Puis, spatule en mains, il l'écoute raconter les dernières anecdotes sur une partie de la fratrie. Lucrezia et Eleonora, les jumelles, ouvrent leur propre studio photo, ce qui est génial. Plus âgé qu'elles, Manu se lance dans la création d'un nouveau restaurant en Finlande avec l'ainé parce que tous les deux adorent les challenges. Le petit dernier vient d'entamer sa rentrée à l'école maternelle, c'est le plus turbulent de tous mais il semble s'y faire.

C'est réconfortant d'entendre de la bouche de sa mère que ses frères et soeurs se débrouillent tout autant que lui, si ce n'est mieux. Du moins, sur le moment, ça le réconforte.

En remuant les pâtes, il repense à Hazel et à la situation. A ce qu'elle lui a dit et ce qu'elle a omis de dire par honte ou par pudeur. Il repense à cette annonce bouleversante qu'elle a fait et aux conséquences que tout cela risque d'avoir. A leur relation aussi. Sont-ils amis? Sexfriends? Un peu d'entre deux? Un couple un peu spécial? Il n'en sait trop rien mais décide de mettre ça de côté pour l'instant.

Vic avait raison, l'air marin lui a fait un peu de bien.

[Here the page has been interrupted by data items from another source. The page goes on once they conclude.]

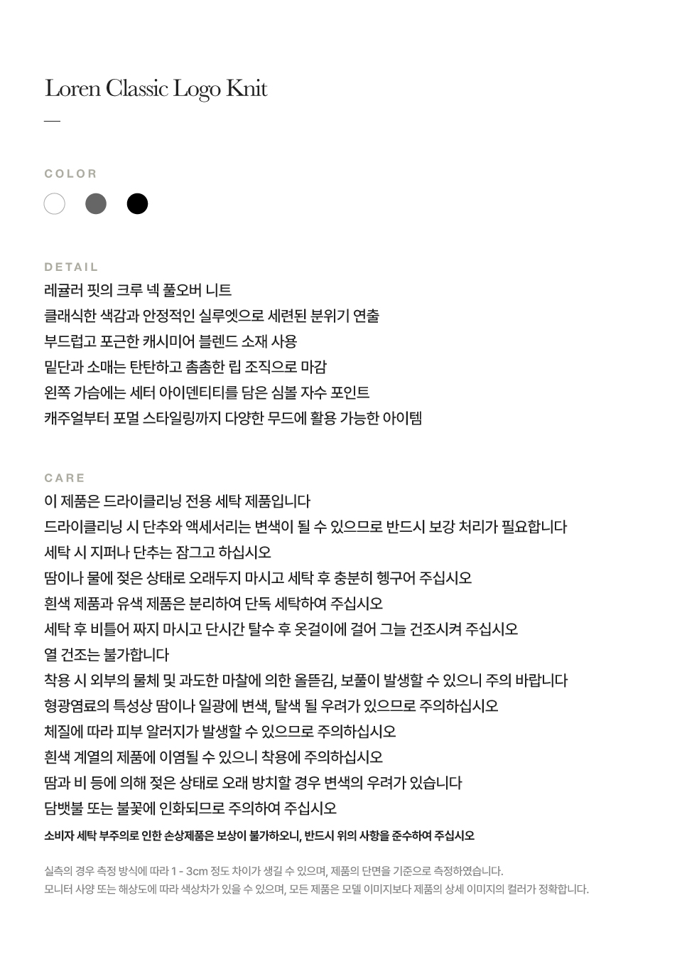 측정 방법에 따라 사이즈에 일부 오차가 있을 수 있습니다.
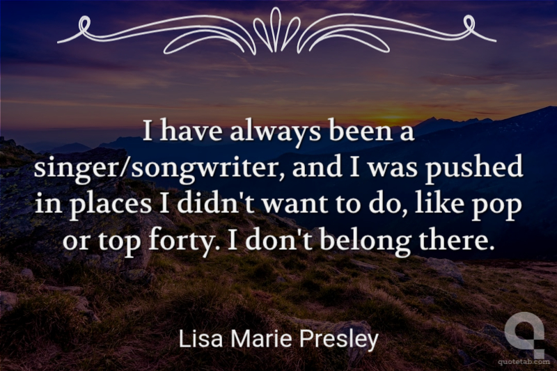 I have always been a singer/songwriter, and I was pushed in places I didn't want to do, like pop or top forty. I don't belong there.
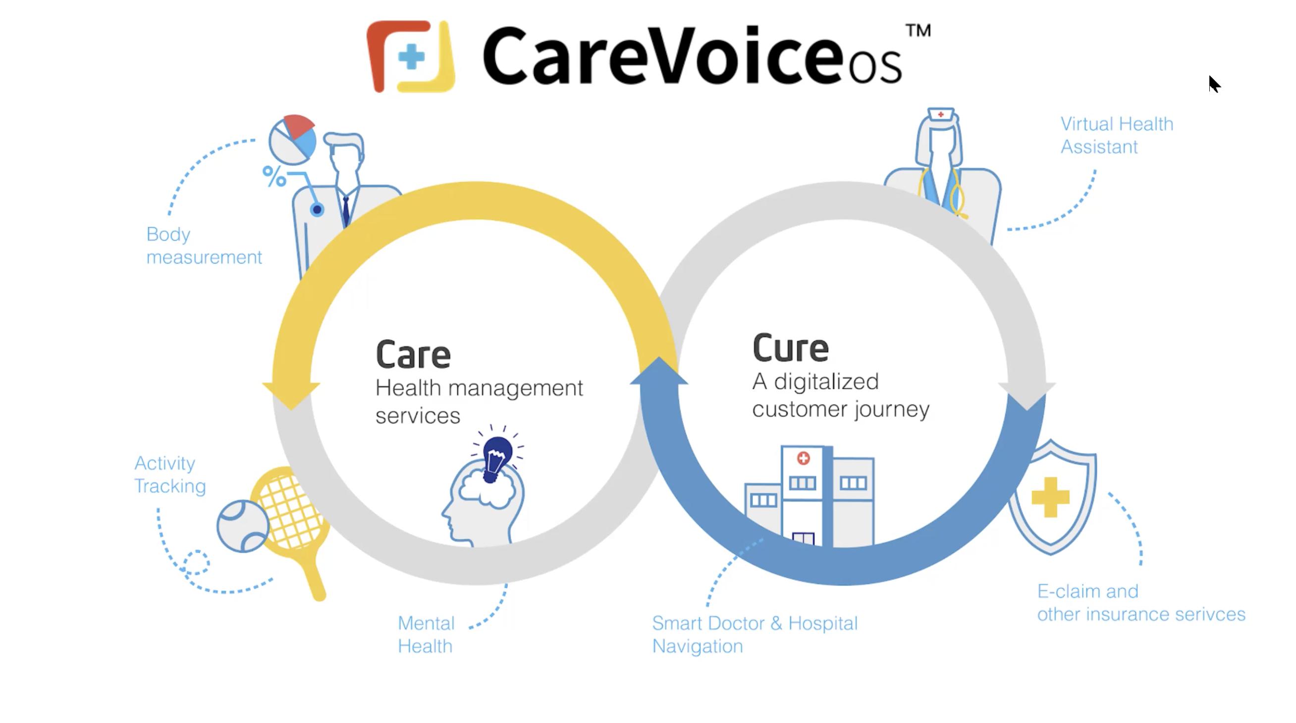 创始人兼 CBO Jan Velich 详细介绍了康语的系统解决方案 CareVoiceOS ,是专门为保险公司创建的运营操作系统。Jan 提到,关护和治疗是康语聚焦并试图连接的两大核心板块,为投保用户提供无缝的一站式健康管理和保险体验,该系统可灵活嵌入保险公司 App /微信端服务平台,为用户提供病症预判、寻找合适医院、预约就诊以及保单管理等服务。

Dans l'eau glacée, avec ses amis et complètement nu, il n'a pensé à rien du tout.

— Maman?

Au ton qu'Ethan emploie, sa mère sait que quelque chose cloche. Qu'il veut ou va lui faire une annonce. Elle espère juste que ce n'est pas trop grave.

— Oui, chéri? murmure-t-elle
— Est-ce que tu penses que je pourrais inviter quelqu'un ici à mon retour des US?

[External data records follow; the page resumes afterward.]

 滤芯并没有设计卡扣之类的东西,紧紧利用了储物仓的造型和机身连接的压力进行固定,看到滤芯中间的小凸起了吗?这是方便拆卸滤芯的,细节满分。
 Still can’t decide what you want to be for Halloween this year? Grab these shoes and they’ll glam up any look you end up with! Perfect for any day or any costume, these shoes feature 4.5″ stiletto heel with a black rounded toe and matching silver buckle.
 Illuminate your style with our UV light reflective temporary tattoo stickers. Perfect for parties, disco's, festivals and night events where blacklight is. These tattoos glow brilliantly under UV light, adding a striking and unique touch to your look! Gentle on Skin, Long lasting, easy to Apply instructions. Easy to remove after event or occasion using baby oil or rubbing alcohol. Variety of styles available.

Les traits de la femme se détendent aussitôt pour laisser place à un sourire malicieux. Elle devine aisément l'identité de la personne.

— Est-ce que ce quelqu'un porte le prénom d'une noisette et a fait du mannequinat?
— Peut-être bien, oui... Peut-être. Qui sait ?

En croisant son regard, le brun devine sa fierté. Il applique les valeurs que ses parents lui ont inculqué. Il semblerait même qu'il ait déjà vu ce regard quand une de ses grandes soeurs a présenté à la famille entière son petit-ami de l'époque.

Elle donne son accord et ils échangent un sourire complice.